Games that started as well-paced horror franchises became absurd action shooters, beloved turn-based RPGs became mash-up amalgamations of MMOs and action games, platforming vanished (except the three franchises Nintendo makes every year), and everything became about all the additional content you could buy once you bought the original content.

On PC it was even worse; franchises I grew up with had morphed into poisonous, hateful incarnations of themselves. Diablo 3 came out with no use for weapons (despite the original Diablo having a memorable dev quote “When I pick up an axe I want it to look like an axe”) and that awful real money auction house. Sims 4 and SimCity arrived with forced online and reduced content, not to mention broken states. Not to mention the mess that Steam has become.
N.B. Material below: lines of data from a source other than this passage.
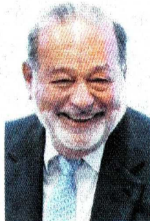
Carlos Slim Helú
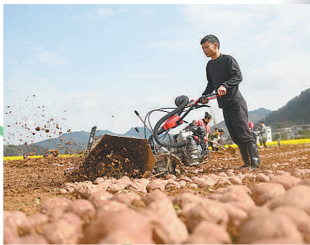
贵州省铜仁市松桃苗族自治县孟溪镇寨阳村,农民在整地培育红薯苗。
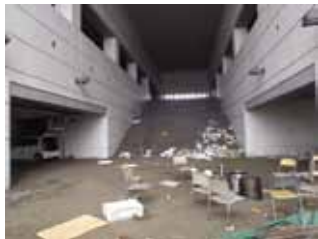
写真31 石巻文化センター
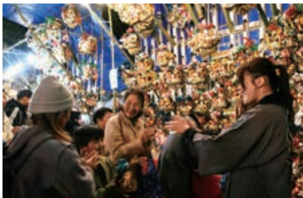
▲福を求める多くの方で賑わい、威勢のいい掛け声と手締め （にぎ） の音が響き渡りました
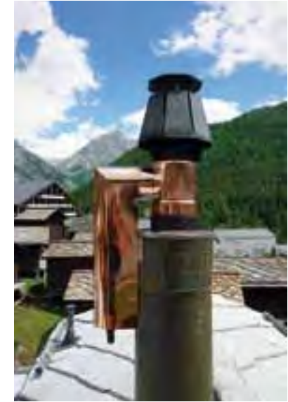
Brücke über den Almagellerbach und Wasserfassung der Suone Moosgufer. Feinstaubfilter in Saas Fee.

Unter den Projekten zur Förderung der erneuerbaren Energien gehört die Trinkwasser-Turbinierung zur Stromerzeugung zu den herausragenden Beispielen. Zudem hat Saas-Fee den Feinstaubfiltern den Kampf angesagt: In 70 Prozent der privaten und öffentlichen Holzheizungen wurden dank der finanziellen Unterstützung von Gemeinde und Unternehmen Feinstaubfilter installiert. Der Einbau der Filter führt vor allem im Winterhalbjahr zu einer deutlichen Verbesserung der Luftqualität. Damit ist der Ort auf dem besten Weg, eine feinstaubfreie Tourismusdestination zu werden. Mit dieser Aktion erhält auch die heimische Wirtschaft wichtige Impulse, geht doch ein Drittel der Investitionen für die Feinstaubfilter von rund einer Million Franken in Form von Aufträgen an lokale Unternehmen.
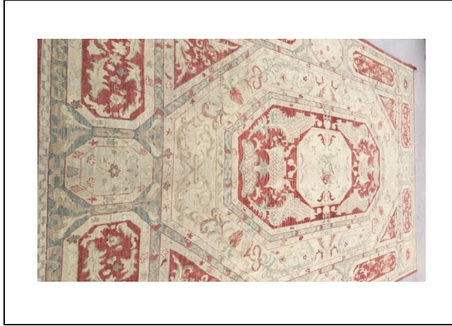
Resim 12. Feshane Halısı (Kılıç Karatay, 2017)
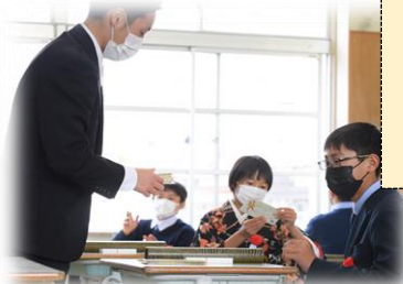
担任による最後の授業

So I essentially gave up. I played my NES and Genesis more than any system, reliving the old days when games were just games, not virtual market vectors for publishers to extort money.

Luckily Warhammer and other table top games kept me pretty satisfied, because at least those price vectors give me physical products with palpable advantages.

So when the current gen started I decided not to get a new console and that my days as a modern console gamer were over. I’d been one since the Atari days and I’ve participated in every generation since so it was a momentous decision. I never even considered an Xbox One. Despite their desperate back-pedaling, the fact that Microsoft even considered limiting used games, tried to force always online, and initially forcibly bundled with Kinect made me completely dismiss it as an anti-consumer product. Sony’s new pay wall for some features didn’t make me happy, but everything I normally use still came with the free online so it wasn’t too off-putting. Still nothing was out that I cared about so I wrote off console gaming. Until…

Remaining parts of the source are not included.